Yes. You may change options under the Plan at any time by completing and signing a new authorization card and returning it to IRET. The answer to Question 6 outlines how to obtain an authorization card and return envelope. Any change concerning the reinvestment of distributions must be received by IRET no later than ten days prior to the record date for a distribution in order for the change to become effective with that distribution.
11. When will investment of distributions respecting IRET shares or L. P. units start?
If your authorization card is received by IRET ten calendar days prior to the record date for determining the holders of shares or L. P. units entitled to receive the next distribution, reinvestment of your distributions will commence with that distribution. If your authorization card is received subsequent to ten calendar days prior to the record date, reinvestment of your
distributions (or designated portion thereof) will not start until payment of the next following distribution. The dates for distribution payments on the shares and L. P. units are generally on or about January 15, April 1, July 1, and October 1.
12. What is the source of IRET shares purchased for me under the Plan?
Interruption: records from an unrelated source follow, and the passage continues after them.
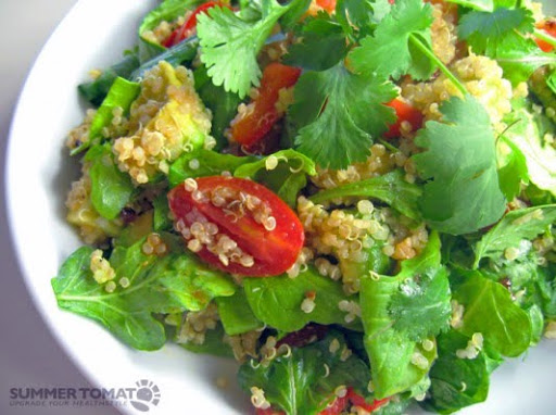Transfer quinoa mixture to a large serving bowl and add avocado, tomatoes and cilantro. Squeeze in juice of half a lime and add a few dashes of Tapatio or Tabasco to taste. Gently stir, being careful not to mash the avocado chunks.
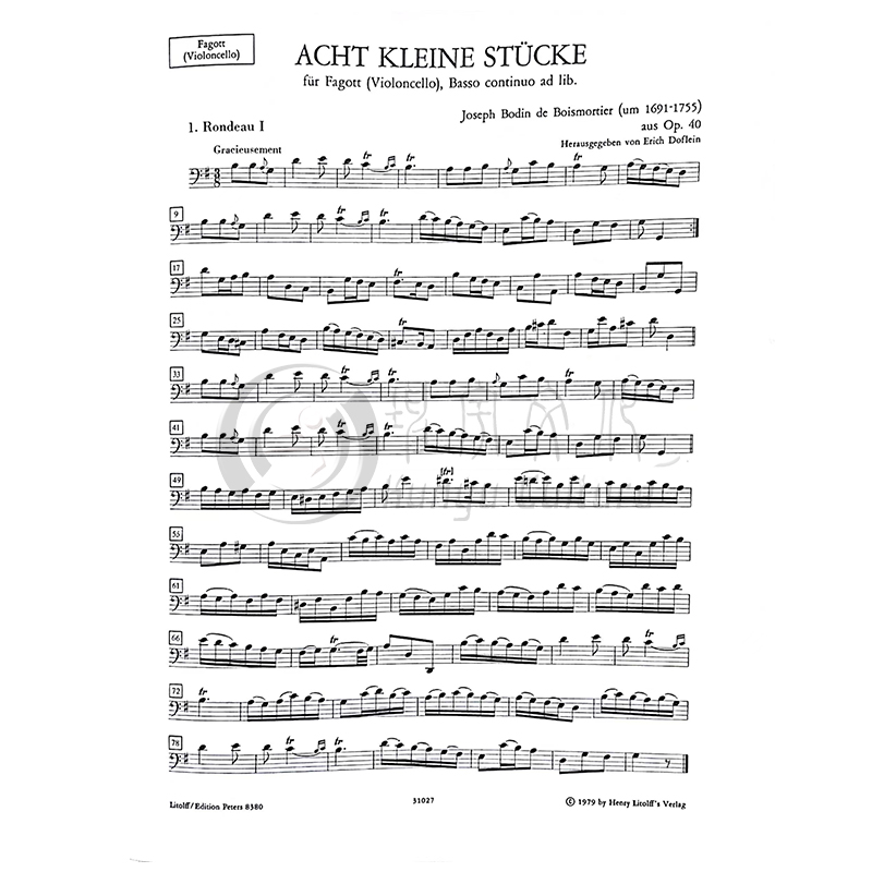 Bodin 8首小品 乐谱 博伊斯摩帝尔 Pieces 巴松管或大提琴和钢琴 Little 选自Op40 EP8380 彼得斯原版 Boismortier Joseph
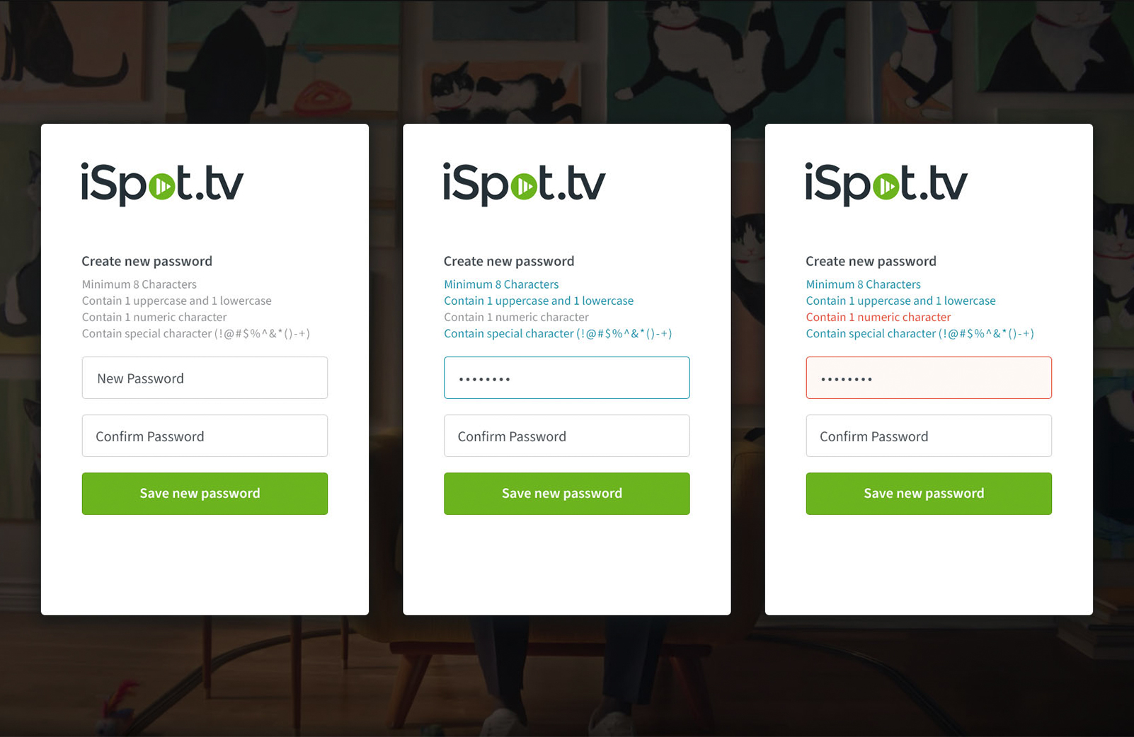 MICRO INTERACTIONS We focused a lot on the micro interactions that a user might experience while trying to sign in or change their password. Here are some screenshots of how we go about showing a user whether or not their password meets our security criteria as they are typing their new password. This prevents any confusion that might occur if the user isn't aware how secure their password has to be from the start and creates a very streamlined experience.
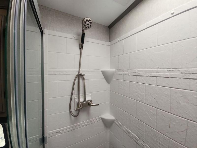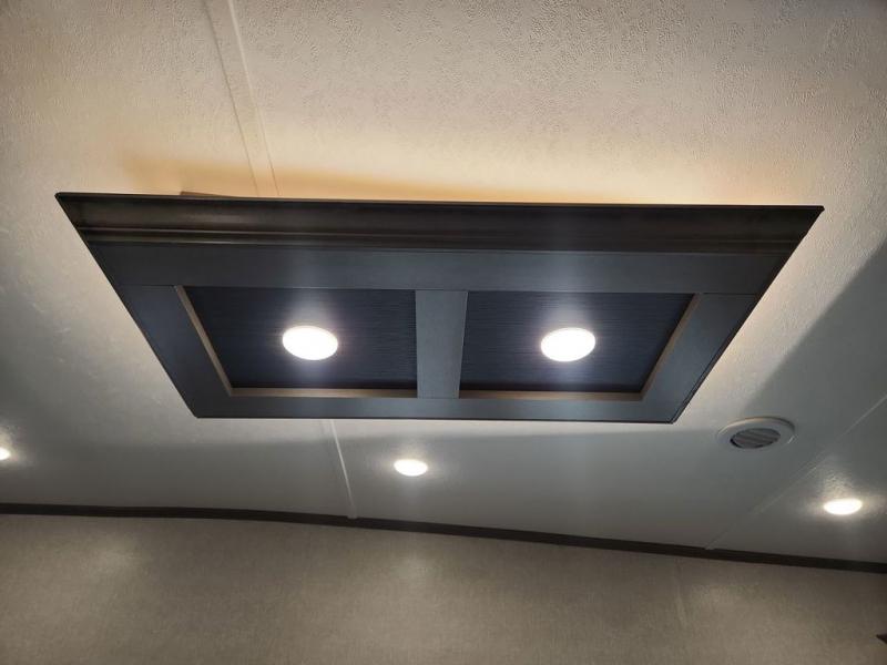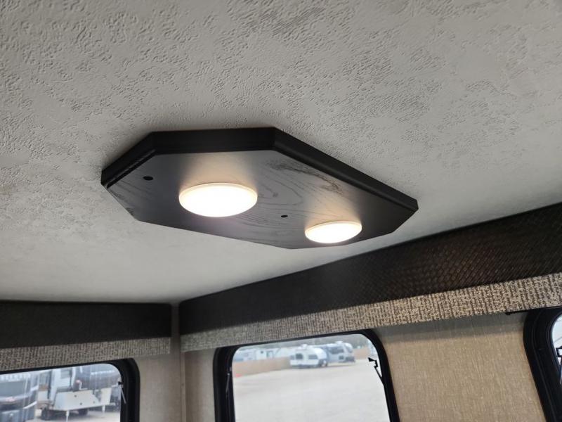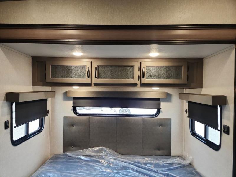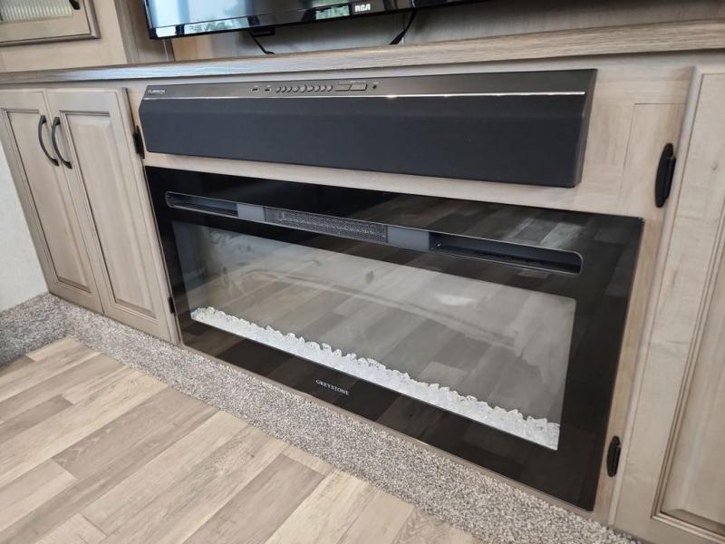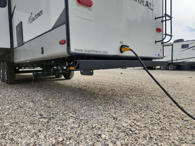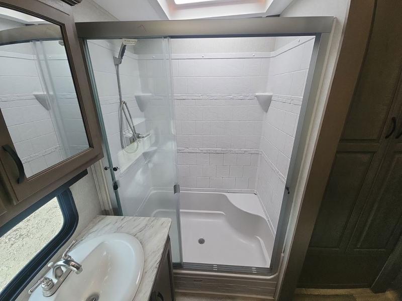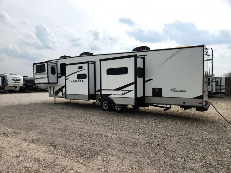 Each Chaparral mid-profile fifth wheel by Coachmen is designed with residential features, loads of storage space, and roomy bedroom suites to make you feel right at home. The durable construction means you can enjoy your RV for years to come. There's dual-sided Azdel composite sidewall panels, Weather Shield+ technology, and Tri-Tex powder coated frame technology that will allow you to camp year around. Each model includes a Winegard Air 360 HDTV/radio dome antenna and an AM/FM/CD/DVD player with Bluetooth to keep your entertained, plus roller night shades and a modern electric fireplace to make your space cozy. There is also a large transom window in the kitchen, a modern high-rise faucet, LED motion sensor lights in the bathroom, plus a full-size shower with glass doors and a seat. Now that's what I call luxury! Choose a Chaparral fifth wheel today!
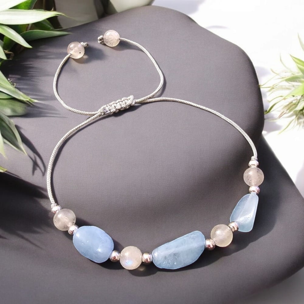 Światło Księżyca - bransoletka z Akwamarynem i Kamieniem Księżycowym
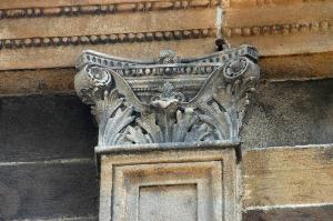 Capitello di parasta in pietra arenaria scolpita; motivi decorativi a foglie d'acanto, volute con fiori al centro e teorie di ovuli.

Shares purchased by you under the Plan will come either from shares purchased by IRET on the Nasdaq for the Distribution Reinvestment Plan or, from authorized but unissued IRET shares under this Registration.
13. When will distributions be invested in additional shares?
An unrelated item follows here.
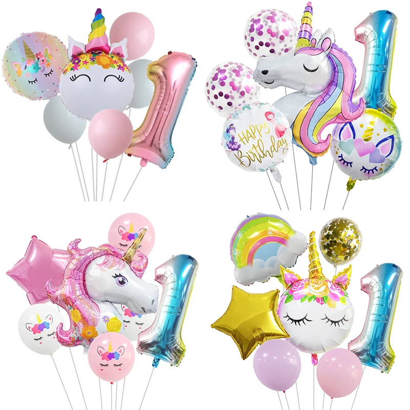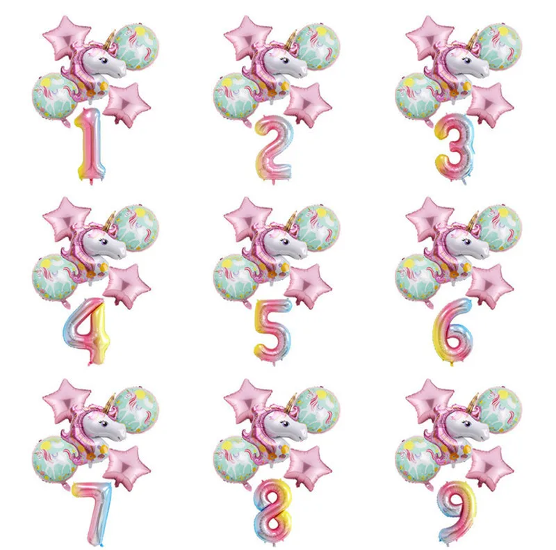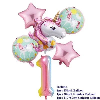 Радужный Единорог воздушный шар с цифрой фольга Globos 1 2 3 4 лет вечерние украшения для дня рождения Детские вечерние шары с единорогом

Reinvestment of distributions will be made as soon as practical after the distribution becomes payable, but in no event later than three business days after the distribution payment date. Participants will become owners of shares purchased under the Plan as soon as practical after the distribution payment date.
14. What will be the price of shares purchased under the Plan?
The shares are traded on the NASDAQ National Market. The reinvestment price will be set at 95% of the Nasdaq closing price on the day of the distribution.
15. How will the number of shares purchased for me be determined?
The number of shares that will be purchased for you will depend on the amount of your distribution to be invested and the applicable purchase price of the shares that results from dividing the distribution to be invested by the purchase price. Fractional shares will be credited to your account. At any time when you withdraw from the Plan or request all shares to be transferred to your name, any fractional shares will be paid in cash.
16. Are there any costs to me for my purchases under the Plan?
There are no brokerage fees for purchases of shares under the Plan because shares are either purchased directly from IRET or IRET has agreed to pay any applicable brokerage fees on behalf of Plan participants. All costs of administration of the Plan will be paid by IRET. However, those participants whose shares are held by a broker or other nominee most likely will incur some fees and costs. Brokers and nominees may impose charges or fees in connection with their handling of participation in the Plan by nominee and fiduciary accounts.
17. Will distributions be paid on shares held in my Plan account?
Yes. Cash distributions on shares credited to your account are automatically reinvested in additional shares and credited to your account.
18. What reports will be sent to participants in the Plan?
Following each purchase of shares for your account, IRET will mail to you a statement of account showing amounts invested, the purchase price (see Question 14), the number of shares purchased, and other information for the year to date. Each participant will receive a Form 1099 showing income reportable for Federal income tax purposes following the final purchase in each calendar year (see Question 27). These statements are your record of the cost of your purchases and should be retained for income tax and other purposes. In addition, during the year you will receive copies of the same communications sent to all other holders of shares.
19. Will I receive certificates for shares purchased under the Plan?
Shares purchased by IRET for your account will be registered in the name of IRETs nominee and certificates for such shares will not be issued to you until requested. The total number of shares credited to your account will be shown on each statement of account. This custodial service helps to protect you against the risk of loss, theft or destruction of stock certificates.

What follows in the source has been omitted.